In 2013, UNAIDS introduced 90-90-90, an objective that would lead to the eventual end of the HIV/AIDS epidemic. The goals are for 90 percent of people living with HIV to be identified; 90 percent of those identified as HIV-positive to be on treatment; and 90 percent of those on treatment to be virally suppressed (when a person’s HIV viral load is very low and the chance of transmitting HIV to others is greatly reduced). By supporting programs like this in Kenya and other countries, the U.S. Government continues to be a leader in the response to the HIV/AIDS epidemic.

By using the latest data, PEPFAR supports effective and impactful HIV prevention services in areas hardest hit by the epidemic, and for populations most vulnerable to contracting and spreading the virus—including people who inject drugs. Since the program began in September 2015, over 1,000 people who inject drugs in coastal Kenya receive methadone from the clinics in Mombasa and Malindi, and this number is steadily growing.

A medical officer at the medically assisted therapy clinic supported by USAID in Mombasa hands methadone to a patient.
A medical officer at the medically assisted therapy clinic supported by USAID in Mombasa hands methadone to a patient.
Alex Kamweru

USAID’s MAT program is enabling people like Naima to stop injecting drugs, and when combined with HIV treatment, can stop the transmission of HIV to others. “In a short period of time, we’ve seen the impact this program can have on people’s lives and well-being,” said Rene Berger, HIV team leader for USAID/Kenya and East Africa. “People who inject drugs are at a high risk of acquiring HIV. By providing methadone, we are decreasing this risk by avoiding the need to share needles and helping people empower individuals to take back their life and livelihoods.”

Patient 001

Naima’s addiction dominated her life, and she stopped going to school. She resorted to sex work to pay for heroin and alienated herself from her family.
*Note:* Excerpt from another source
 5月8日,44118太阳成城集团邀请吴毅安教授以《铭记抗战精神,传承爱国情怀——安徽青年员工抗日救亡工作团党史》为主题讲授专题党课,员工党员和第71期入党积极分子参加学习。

During this time, she contracted HIV, the virus that causes AIDS.

A medical officer dispenses methadone into a cup.
A medical officer dispenses methadone into a cup.
Alex Kamweru

People who inject drugs are disproportionately affected by HIV/AIDS, with HIV prevalence among people who inject drugs in Kenya estimated to be three to five times higher than the general population. People who inject drugs also face stigma and discrimination from their communities, law enforcement and health care providers, making access to HIV and other health services more challenging.

In September 2015, a friend brought Naima to a seminar on methadone. At first, she and her friends were suspicious. “We thought it was poison meant to kill addicts so we would no longer be on the streets,” she said.
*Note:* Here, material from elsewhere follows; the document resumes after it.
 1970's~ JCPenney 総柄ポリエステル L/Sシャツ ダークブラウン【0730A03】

But then a thought occurred to her—heroin is a poison that was slowly killing them one by one—so if methadone was something that could potentially help free her from the grips of addiction, she wanted to try it.

Every day she went to the MAT clinic. “My appetite came back and I could sleep again,” she said, explaining the sense of empowerment and control she began to feel over her addiction. “I no longer felt like I needed heroin every time. I got back in touch with my family.”

Naima and her daughter
Naima and her daughter
Alex Kamweru

She stopped sex work, eventually moved back in with her parents and slowly started to piece her life back together. During this time, she found out she was pregnant. A medical officer at the MAT clinic advised her that, even though she was HIV-positive, if she took antiretroviral (ARV) medication and regularly visited a doctor, her baby could be born HIV-negative—something she did not know was possible.

Naima took ARVs she received from a USAID-supported facility, along with her daily methadone regimen. Seven months ago, her daughter was born healthy and HIV-free. Today, she volunteers for a civil society organization that educates heroin users on the benefits of methadone and provides referrals to the MAT clinic.

Her mother, now an overjoyed grandmother, beams with pride: “My daughter and granddaughter were saved by methadone.”

*Last name withheld to protect privacy.